What you need to do: Transcribe the entries below exactly; leave every image out.

Items from a dataset:
++++++++

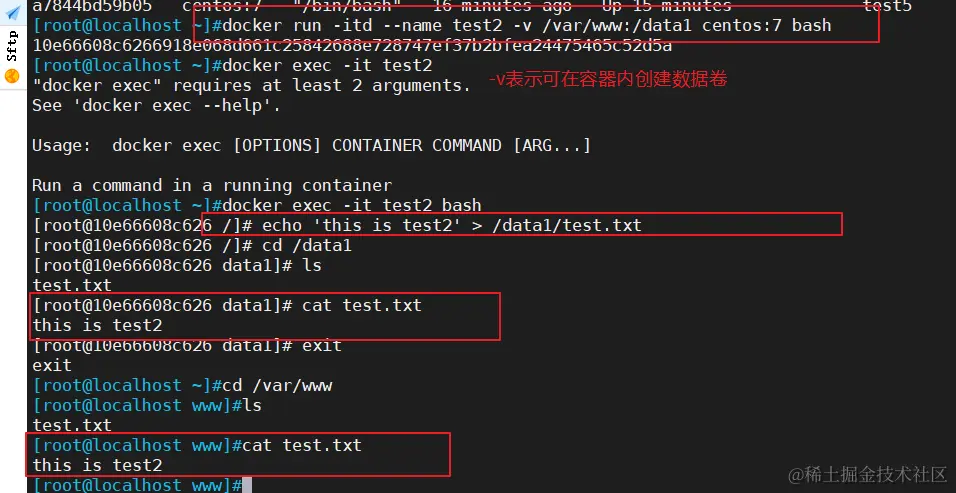 docker run -it --name test2 -v /var/www:/data1 centos:7 bash
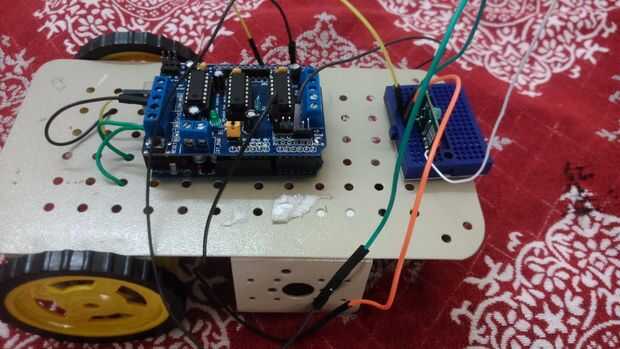 Paso 4: Montaje del Arduino + receptor + protector de Motor en el chasis
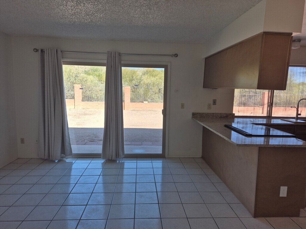 Newly remodeled kitchen and bathrooms, freshly painted inside and outside. Bright, spacious and functional, this 3 bed, 2 bath 1,490 sq ft home is nestled on a generous lot and surrounded by mountain views. With a carport, low-maintenance large yard, tile interiors, and Tucson-friendly heating and cooling. The home is a terrific option for those seeking a spacious, quiet retreat close to schools and local conveniences and is ideal for families.
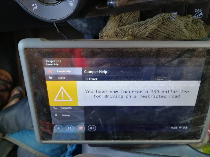Après, on est allé sur la route de « Lost City« , où il y a environ 10km de « off-road ». Au bout de quelques mètres, le GPS de la voiture nous dit « Attention vous empruntez une route interdite, faites demi-tour« . On ne comprend pas trop ce qui se passe et le temps de faire demi tour, un autre message beaucoup moins sympa « Vous allez être débité de 300AUD« !! Non mais c’est quoi ce délire !! On ne pouvait même pas prévenir Britz que finalement on n’avait pas pris la route car on ne captait pas dans ce bled paumé !
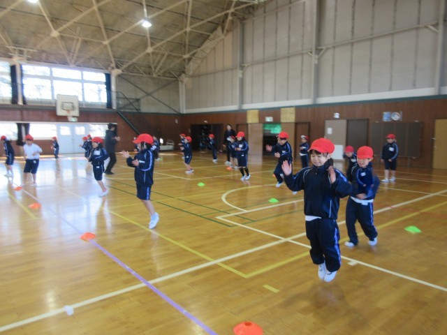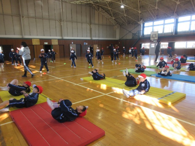 本日、「パーソナルな体づくり」を1年生は3校時に、2年生は4校時に実施しました。マットで「ゆりかご」は、決められた時間内がんばっていました。後半は、後転にも挑戦しました。また、リズムに合わせて楽しくジャンプも楽しく取り組んでいました。

++++++++

Your solution:
 docker run -it --name test2 -v /var/www:/data1 centos:7 bash
 Paso 4: Montaje del Arduino + receptor + protector de Motor en el chasis
 Newly remodeled kitchen and bathrooms, freshly painted inside and outside. Bright, spacious and functional, this 3 bed, 2 bath 1,490 sq ft home is nestled on a generous lot and surrounded by mountain views. With a carport, low-maintenance large yard, tile interiors, and Tucson-friendly heating and cooling. The home is a terrific option for those seeking a spacious, quiet retreat close to schools and local conveniences and is ideal for families.
Après, on est allé sur la route de « Lost City« , où il y a environ 10km de « off-road ». Au bout de quelques mètres, le GPS de la voiture nous dit « Attention vous empruntez une route interdite, faites demi-tour« . On ne comprend pas trop ce qui se passe et le temps de faire demi tour, un autre message beaucoup moins sympa « Vous allez être débité de 300AUD« !! Non mais c’est quoi ce délire !! On ne pouvait même pas prévenir Britz que finalement on n’avait pas pris la route car on ne captait pas dans ce bled paumé !
 本日、「パーソナルな体づくり」を1年生は3校時に、2年生は4校時に実施しました。マットで「ゆりかご」は、決められた時間内がんばっていました。後半は、後転にも挑戦しました。また、リズムに合わせて楽しくジャンプも楽しく取り組んでいました。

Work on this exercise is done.